Re: io_uring_prep_timeout() leading to an IO pressure close to 100

public inbox for io-uring@vger.kernel.org
 help / color / mirror / Atom feed

From: Jens Axboe <axboe@kernel.dk>
To: Fiona Ebner <f.ebner@proxmox.com>, linux-kernel@vger.kernel.org
Cc: hannes@cmpxchg.org, surenb@google.com, peterz@infradead.org,
	io-uring@vger.kernel.org,
	Thomas Lamprecht <t.lamprecht@proxmox.com>
Subject: Re: io_uring_prep_timeout() leading to an IO pressure close to 100
Date: Sun, 26 Apr 2026 15:13:08 -0600	[thread overview]
Message-ID: <a47f672c-d204-433f-9815-9e6606fdec1f@kernel.dk> (raw)
In-Reply-To: <db7e6abb-677b-4b63-a028-d8fe0bec0277@proxmox.com>

On 4/24/26 9:42 AM, Fiona Ebner wrote:
> Hi Jens,
> 
> Am 02.04.26 um 2:30 PM schrieb Fiona Ebner:
>> Am 02.04.26 um 11:12 AM schrieb Fiona Ebner:
>>> Am 01.04.26 um 5:02 PM schrieb Jens Axboe:
>>>> On 4/1/26 8:59 AM, Fiona Ebner wrote:
>>>>> I'm currently investigating an issue with QEMU causing an IO pressure
>>>>> value of nearly 100 when io_uring is used for the event loop of a QEMU
>>>>> iothread (which is the case since QEMU 10.2 if io_uring is enabled
>>>>> during configuration and available).
>>>>
>>>> It's not "IO pressure", it's the useless iowait metric...
>>>
>>> But it is reported as IO pressure by the kernel, i.e. /proc/pressure/io
>>> (and for a cgroup, /sys/fs/cgroup/foo.slice/bar.scope/io.pressure).
>>>
>>>>> The cause seems to be the io_uring_prep_timeout() call that is used for
>>>>> blocking wait. I attached a minimal reproducer below, which exposes the
>>>>> issue [0].
>>>>>
>>>>> This was observed on a kernel based on 7.0-rc6 as well as 6.17.13. I
>>>>> haven't investigated what happens inside the kernel yet, so I don't know
>>>>> if it is an accounting issue or within io_uring.
>>>>>
>>>>> Let me know if you need more information or if I should test something
>>>>> specific.
>>>>
>>>> If you won't want it, just turn it off with io_uring_set_iowait().
>>>
>>> QEMU does submit actual IO request on the same ring and I suppose iowait
>>> should still be used for those?
>>>
>>> Maybe setting the IORING_ENTER_NO_IOWAIT flag if only the timeout
>>> request is being submitted and no actual IO requests is an option?
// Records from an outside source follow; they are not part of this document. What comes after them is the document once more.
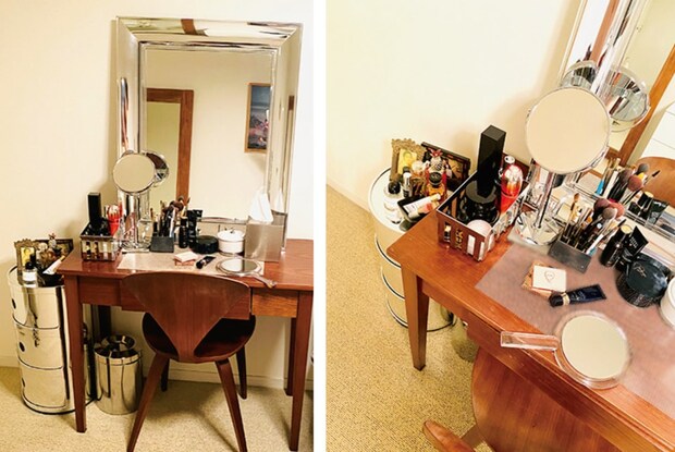 基本的にコスメのストックは空調の安定したクリニックに。ドレッサーに並ぶのは、その都度持ち帰ったアイテムのみなので、わりとミニマム。
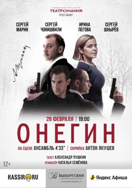 В нашей версии «Онегина» представляют интереснейшие актеры и музыканты: Сергей Чонишвили, Ирина Пегова, Сергей Марин, Сергей Шнырёв. На сцену вместе с актерами выходит ансамбль «4:33». Специально для проекта снято кино.
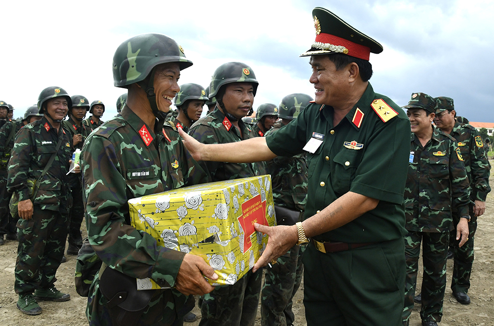 Trung tướng Nguyễn Xuân Dắt động viên cán bộ, chiến sĩ hoàn thành tốt nhiệm vụ diễn tập. Ảnh: QUANG ĐỨC
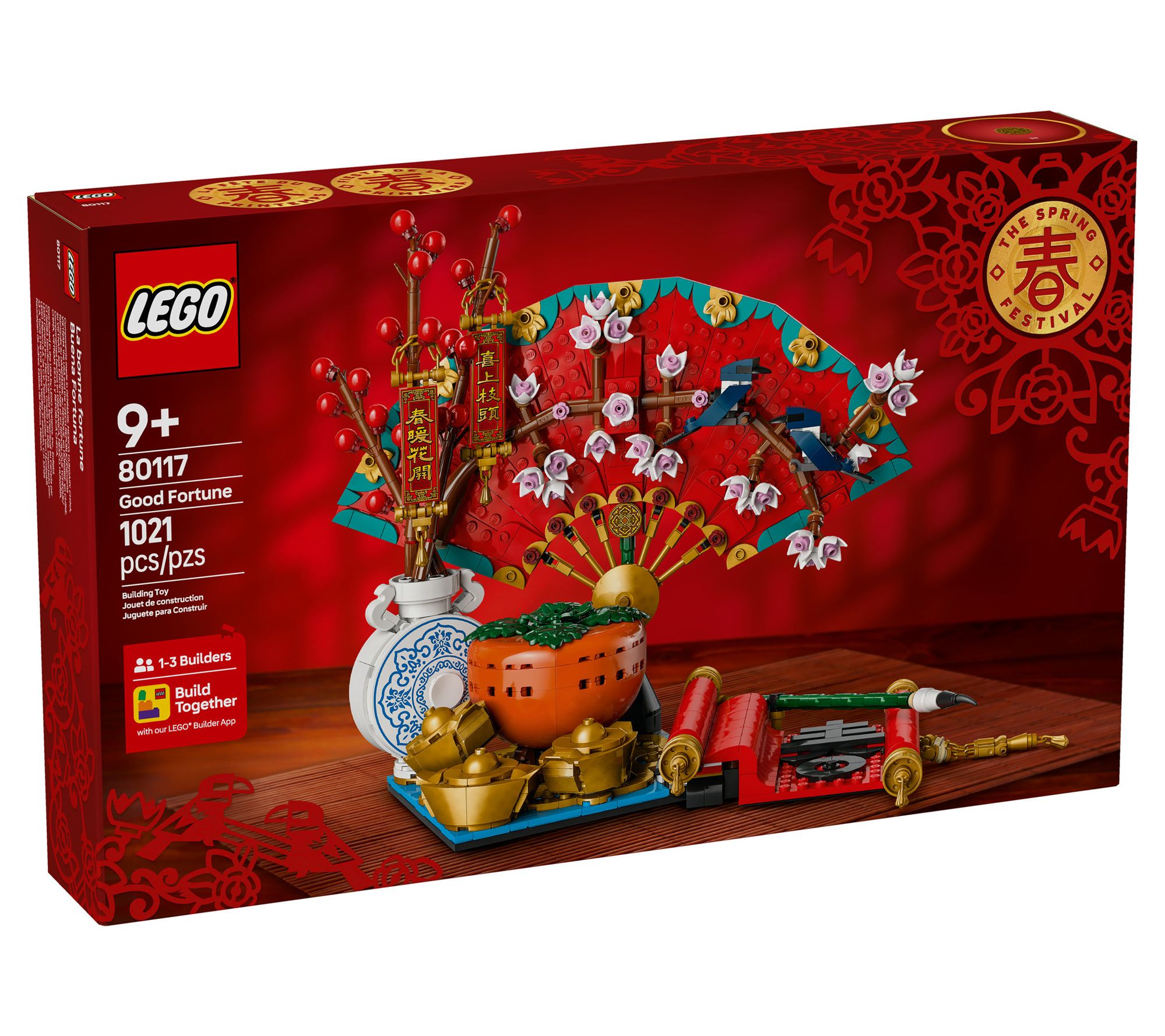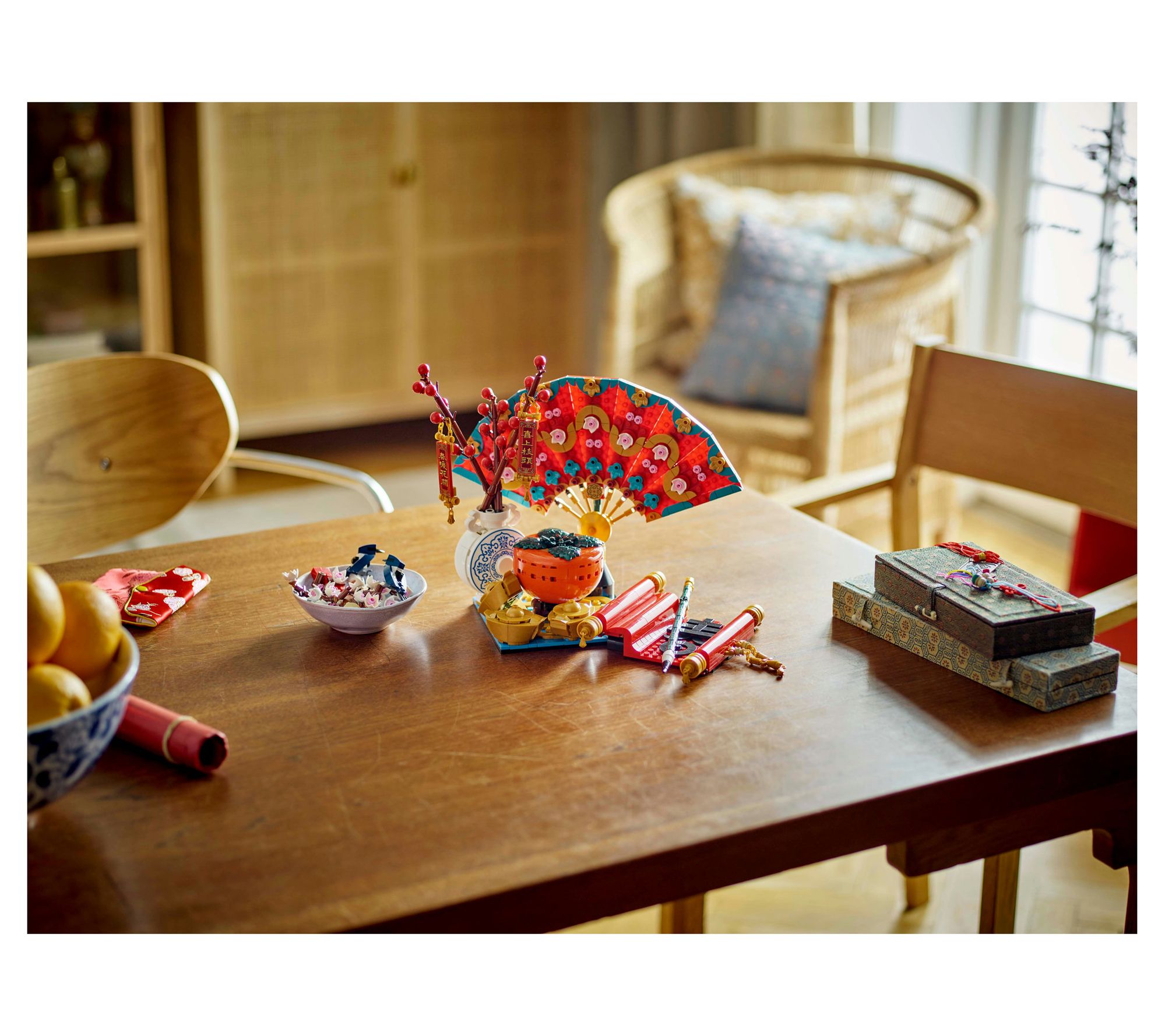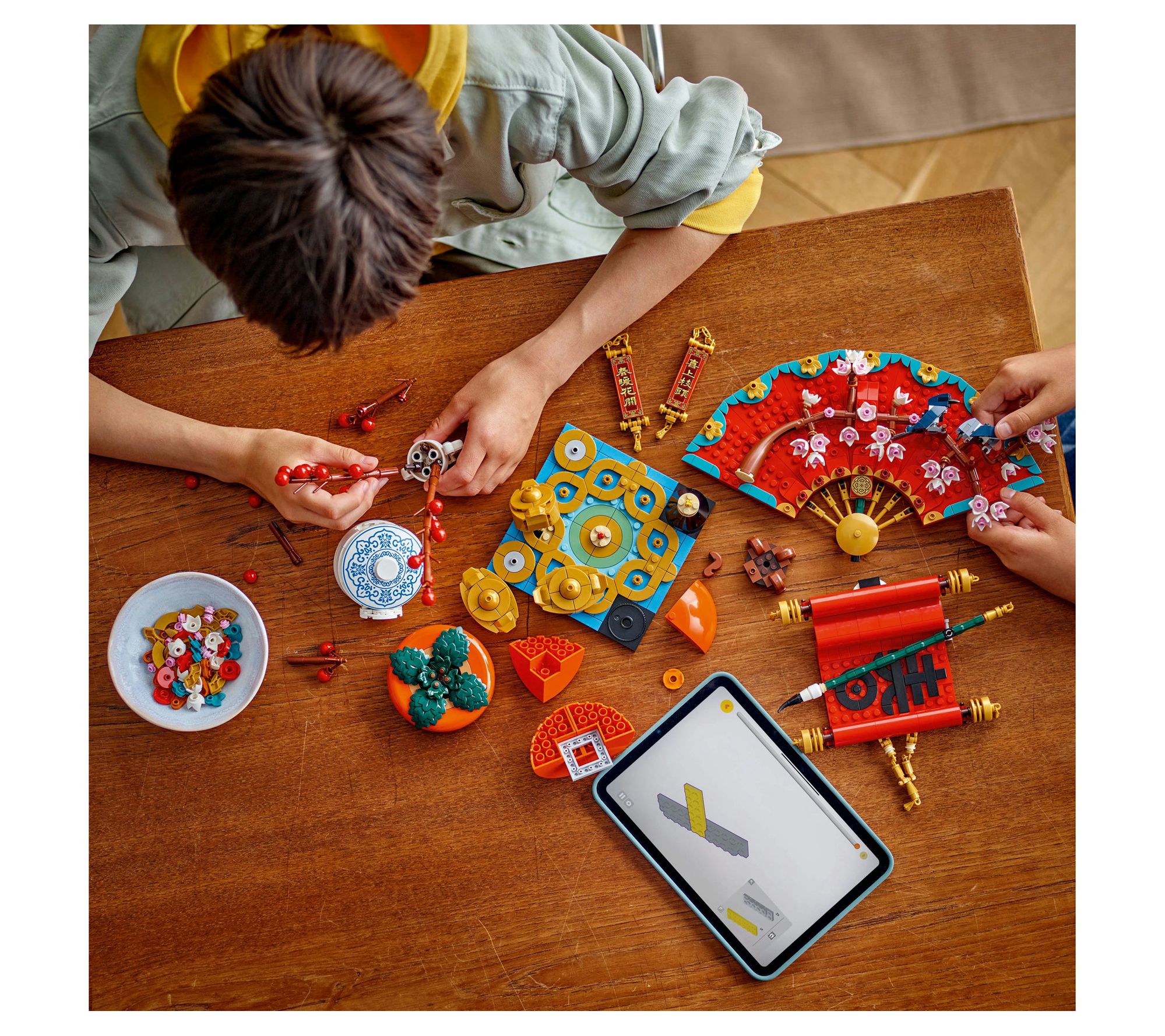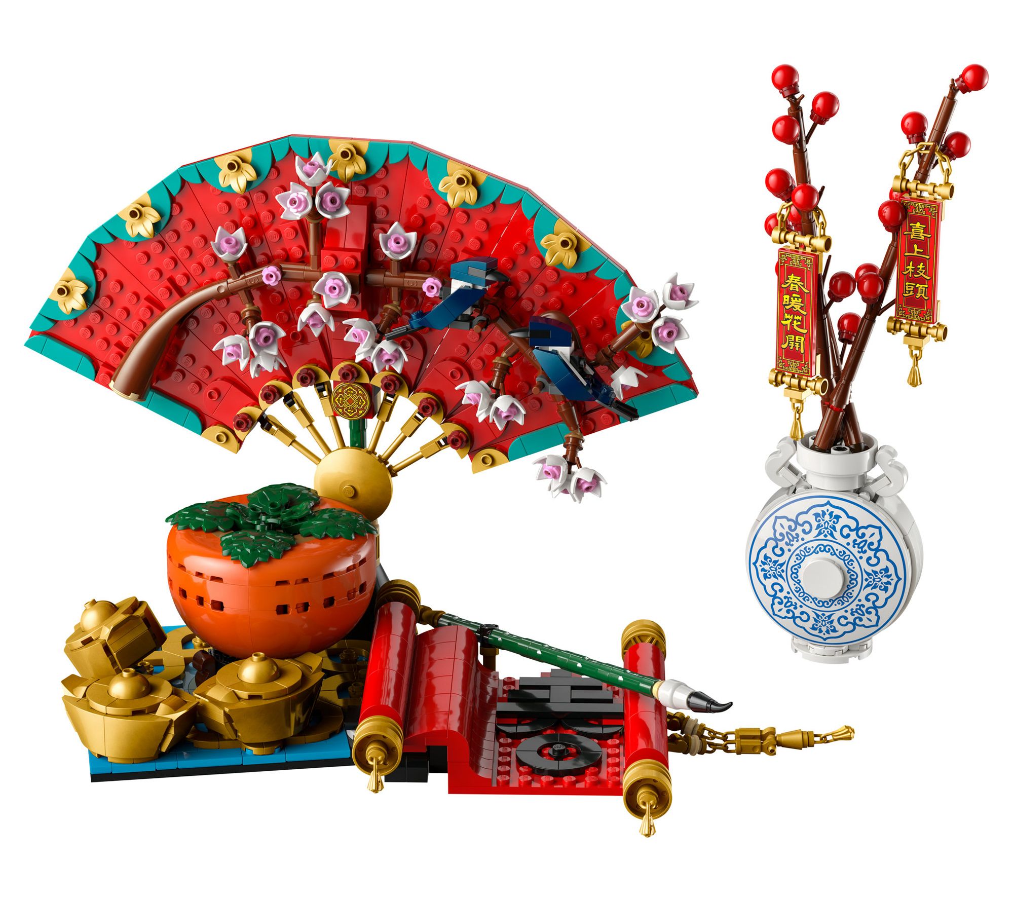 Welcome the new year with the LEGO Spring Festival Good Fortune Building Set. Kids can create a display symbolizing love, good health, prosperity, and joy, featuring a beautiful fan, fruit, golden ingots, and a scroll with Chinese text meaning 'spring.' Perfect for fun family activities and learning cultural traditions, this set offers two decorative build options and includes removable objects so you can customize your display. From LEGO.

But
>>> even then, if a request is submitted later via another thread, iowait
>>> for that new request won't be accounted for, right?
>>>
>>> Is there a way to say "I don't want IO wait for timeout submissions"?
>>> Wouldn't that even make sense by default?
>>
>> Turns out, that in my QEMU instances, the branch doing the
>> io_uring_prep_timeout() call is not actually taken, so while the issue
>> could arise like that too, it's different in this practical case.
>>
>> What I'm actually seeing is io_uring_submit_and_wait() being called with
>> wait_nr=1 while there is nothing else going on. So a more accurate
>> reproducer for the scenario is attached below [0]. Note that it does not
>> happen without sumbitting+completing a single request first. 
> 
> I started digging in the kernel now and am wondering whether the number
> of inflight requests is correctly tracked? Does current_pending_io()
> need to consider tctx->cached_refs?
> 
> In __io_cqring_wait_schedule(), there is
> 
>> 	if (ext_arg->iowait && current_pending_io())
>> 		current->in_iowait = 1;
> 
> and current_pending_io() is
> 
>> static bool current_pending_io(void)
>> {
>> 	struct io_uring_task *tctx = current->io_uring;
>>
>> 	if (!tctx)
>> 		return false;
>> 	return percpu_counter_read_positive(&tctx->inflight);
>> }
> 
> so okay, we get iowait when tctx->inflight is positive. Looking at where
> that variable is modified, I found
> 
>> void io_task_refs_refill(struct io_uring_task *tctx)
>> {
>> 	unsigned int refill = -tctx->cached_refs + IO_TCTX_REFS_CACHE_NR;
>>
>> 	percpu_counter_add(&tctx->inflight, refill);
>> 	refcount_add(refill, &current->usage);
>> 	tctx->cached_refs += refill;
>> }

> as well as io_put_task() and io_uring_drop_tctx_refs().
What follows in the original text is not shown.